Kein Ei des Columbus
In Österreich ist die Erzeugung von embryonalen Stammzellen zu Forschungszwecken verboten. Allerdings dürften die Zellen (wie in Deutschland) zu Forschungszwecken importiert werden. Sie werden in zahlreichen europäischen Staaten aus überzähligen befruchteten Eizellen gewonnen, die im Rahmen der künstlichen Befruchtung in großen Mengen entstehen. Mittlerweile stehen weltweit mehrere hundert solcher Zelllinien zur Verfügung.

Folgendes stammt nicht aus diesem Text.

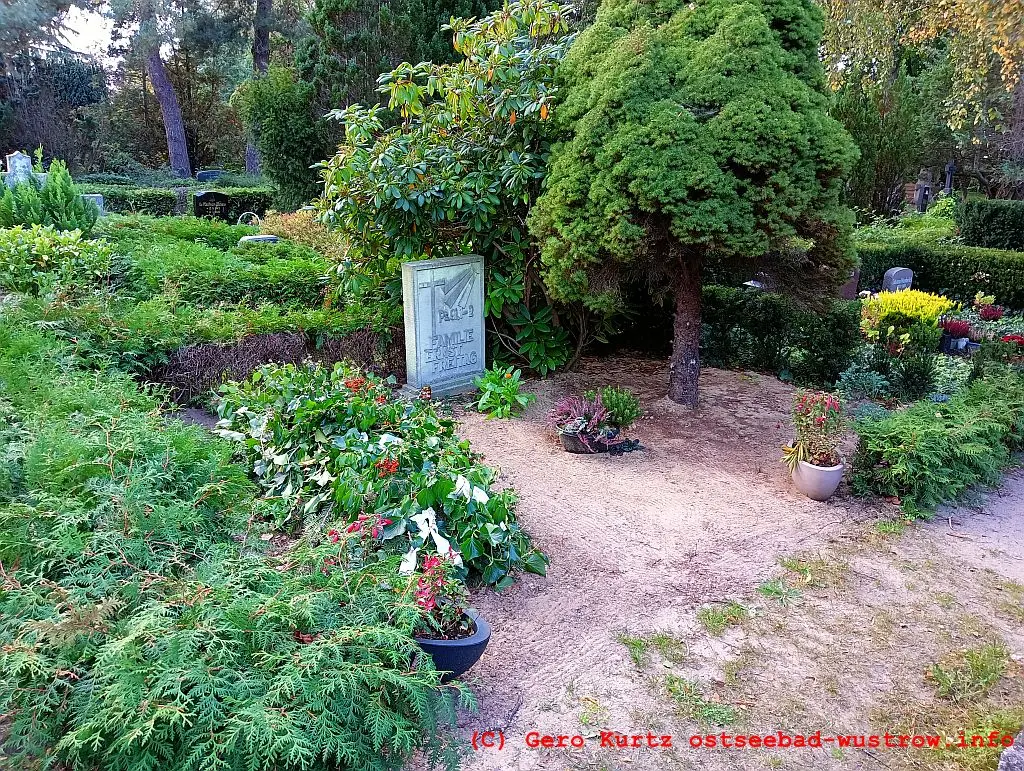 Auf dem Fischländer Friedhof haben viele bekannte Menschen ihre letzte Ruhestätte gefunden. An der Kapelle steht eine große Tafel mit einem Lageplan des Friedhofs und auch mit Hinweisen zu den Gräbern einiger bekannter Persönlichkeiten. Leider ist die wirkliche Lage oftmals schwer zu finden. Deshalb werde ich versuchen, durch genaue Positionsangaben die Suche etwas zu vereinfachen. Wichtig ist, dass auf der Tafel nicht die Grabreihen nummeriert sind, sondern die Wege. Diese beginnen rechts vom Haupteingang mit der Nummer 1. Damit man dies besser sehen kann, liegen an vielen Wegen Steine mit der entsprechenden Nummer.

Für den Wiener Fachhumangenetiker Markus Hengstschläger sind embryonale Stammzellen allerdings nicht das Ei des Columbus. Ihr Einsatz sei nämlich auch deswegen gefährlich, weil sie eine Neigung hätten, Krebs entstehen zu lassen: "A la longue werden die embryonalen Stammzellen daher selten die besten Zellen für Therapien sein. In der medizinischen Therapie sind adulte Stammzellen der große Sieger. Seit Jahrzehnten werden etwa Blutstammzellen in Transplantationen gegen Leukämie eingesetzt, oder Hautstammzellen bei Hauttransplantationen nach Brandwunden."